"I can say I was a typical woman farmer in Kenya. All day is working. Most of the evenings is crying when the husband goes out and there isn't any food for the kids." Dorothy Naitore is a farmer, entrepreneur and community leader from central Kenya, who transformed her life by seizing opportunities presented by TIST, a non-profit dedicated to using improved tree planting and soil conservation strategies to improve livelihoods and contribute positively to climate change. As with so many impactful local organizations, TIST found that empowering women led to big changes - for the program and for the women. Dorothy, who I met a few weeks ago at a sustainability conference at Yale University, is an example of that. She says she has a passion for going out in the world and telling the world that it is possible to make a difference by empowering local women as TIST has - so I wanted to share her story.

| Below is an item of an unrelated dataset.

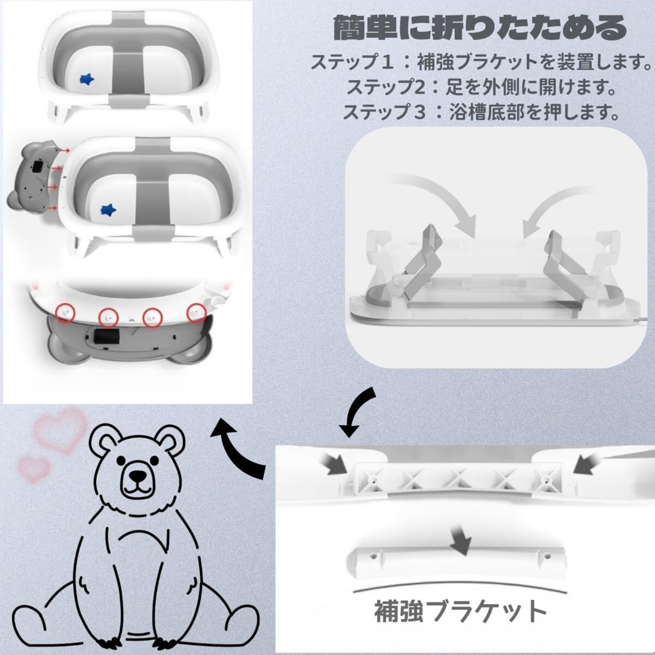 SHAKE BEAR® ベビーバス 折りたたみ式 ベビー用浴槽 湯温計 バスクッション付き 赤ちゃん 新生児 沐浴 ベビー お風呂 0~6歳 バスタブ コンパクト 水抜栓付 赤ちゃん用 出産祝い ギフト (グレー)

"Because of this program I got my two acres of land. I told my husband I am going to write my title deed in my own name. In Kenya the culture doesn't allow a woman to own land. My husband was resisting to put the title deed to my name but we talked. And I was telling him that I wanted to put my name to this title deed so that when I go out to other women I can talk to them and tell them that I have got my own land with my own name, so that they can be encouraged. We have to be role models, especially for those local women in the village who don't have anything. They rely on their husband to come and bring everything and that causes a lot of problems in the family. That is where you get many families separate because the woman is waiting for the man - sometimes the man goes out and doesn't get something to come back with, and the quarrels start. In my house I can tell you that for those years that I worked with TIST I can see the teamwork because I have started now providing for the family. With the money I get from my crops and working as a leader for TIST I pay for school fees for the children, and I buy the food we eat. When he comes back in the evening he finds food on the table so the family is coming together."
Dorothy says she is "a testament of women's empowerment. When I started I could not talk to people and even my English was very poor, but now I have been given the opportunity to go to Ethiopia to talk about climate change, to go to China, to the US two times. This time when I came to the US my husband was the first person to wave me 'bye' and say 'I will be caring for the family.' So I think empowering women is a very special thing. I have a passion for going out in the world and telling the world that if we empower grassroots women like us that things can change."